# I talked to this girl at school for at least an hour and half.



## SAnonimous (Mar 20, 2014)

The first time we talked was a few months ago in school, but that lasted for just a couple of minutes, as she had to go.

But today, we both had two classes cancelled because our teachers went on some seminar. We didn't feel like going home yet, so we staid at school.

And so we sat on the couches in the school lobby facing each other, alone, just the two of us, and we talked, and we talked and talked, For a *Long* time. I've never felt anything like that before, never have i felt more free when talking to someone. I normally just try to stutter myself through a conversation, anxiously waiting for it to get over. But this time it was actually fun. She was smiling, we were often laughing, she would move herself closer to me, something that no girl has *ever* done around me.

I guess it might be because we have many things in common, but i know many people who also have many things in common with me, and one example would be the girl i asked out in my school a week ago. but talking to her just feels wrong. We can never get a conversation going. I made a bad decision, i wish i had asked out this girl instead. Talking to her just feels wonderful, it's beyond explanation, really.


----------



## hickool (Jun 19, 2009)

Well done! Sounds like you love her already. Go for her before someone else does.


----------



## millenniumman75 (Feb 4, 2005)

Face it, SAnonimous, you are worthy of getting to know! :lol


----------



## SAnonimous (Mar 20, 2014)

hickool said:


> Well done! Sounds like you love her already. *Go for her* before someone else does.


As i explained in the end of my post, i already asked out a girl from my school a week ago, who i really... uhh... like(d)? (we have a project together this year.) and she agreed to go out with me but the problem is that she has showed absolutely 0% interest in me. Never texts, never calls, etc. Also our conversations are awkward and always short.

I'm in a situation where i would have to dump her so i could ask this girl, who i talked to, out. But they are close friends.

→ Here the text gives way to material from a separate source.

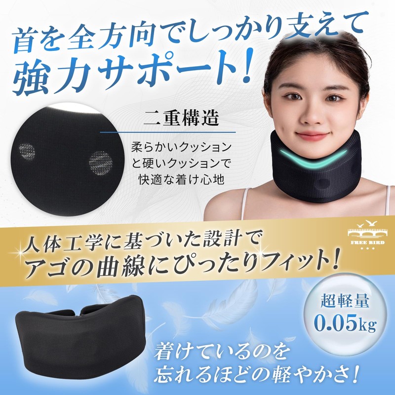 - ✅【着けているのを忘れるほどの快適さ!】FREE BIRDの首コルセットは、柔らかいクッションと固いクッションの二重構造でできているため、しっかり首を固定しながら、着け心地も快適です。わずか0.05kgと超軽量であり、まるで着けているのを忘れるほどの軽やかさを実現しました。

This is a situation i'd rather not be in.


----------



## TicklemeRingo (Jan 11, 2013)

Congrats


----------



## Haunty (Oct 24, 2008)

SAnonimous said:


> As i explained in the end of my post, i already asked out a girl from my school a week ago, who i really... uhh... like(d)? (we have a project together this year.) and she agreed to go out with me but the problem is that she has showed absolutely 0% interest in me. Never texts, never calls, etc. Also our conversations are awkward and always short.
> 
> I'm in a situation where i would have to dump her so i could ask this girl, who i talked to, out. But they are close friends.
> 
> This is a situation i'd rather not be in.


So are you officially dating this other girl exclusively after just a week? Just end it if she's not showing interest, get this girl's number and keep talking to her and then ask her out.


----------



## AngelClare (Jul 10, 2012)

Haunty said:


> So are you officially dating this other girl exclusively after just a week? Just end it if she's not showing interest, get this girl's number and keep talking to her and then ask her out.


He said they're "close" friends. He's in a pickle. This requires a very sophisticated maneuver. And he hasn't confirmed that the girl he likes talking to is interested in anything more than friendly banter.

I think he should be honest with the girl he likes talking to. Tell her that he likes her and wishes he could go out with her but he would never want to damage her friendship with her close friend.

Anyway, nothing like that ever happened to me back when I was in school. You're doing really good. You have a bonafide dating dilemma, you player


----------



## CoffeeGuy (Sep 23, 2013)

This is an odd situation. If her friend that you've asked out already isn't really showing much interest in you then in my mind she shouldn't be mad if you and her friend were to hit it off.


----------



## Marko3 (Mar 18, 2014)

hey man..u good:yes


----------



## SAnonimous (Mar 20, 2014)

she already has a bf...


----------



## arishorts (Aug 8, 2013)

Haunty said:


> So are you officially dating this other girl exclusively after just a week? Just end it if she's not showing interest, get this girl's number and keep talking to her and then ask her out.


It sounds like he's already interested in this other girl anyway.


----------



## SAnonimous (Mar 20, 2014)

arishorts said:


> It sounds like he's already interested in this other girl anyway.


Did you read my last post. I found out she already has a bf. She posted it as her relationship status on fb.

I'm going to keep trying with the first girl.


----------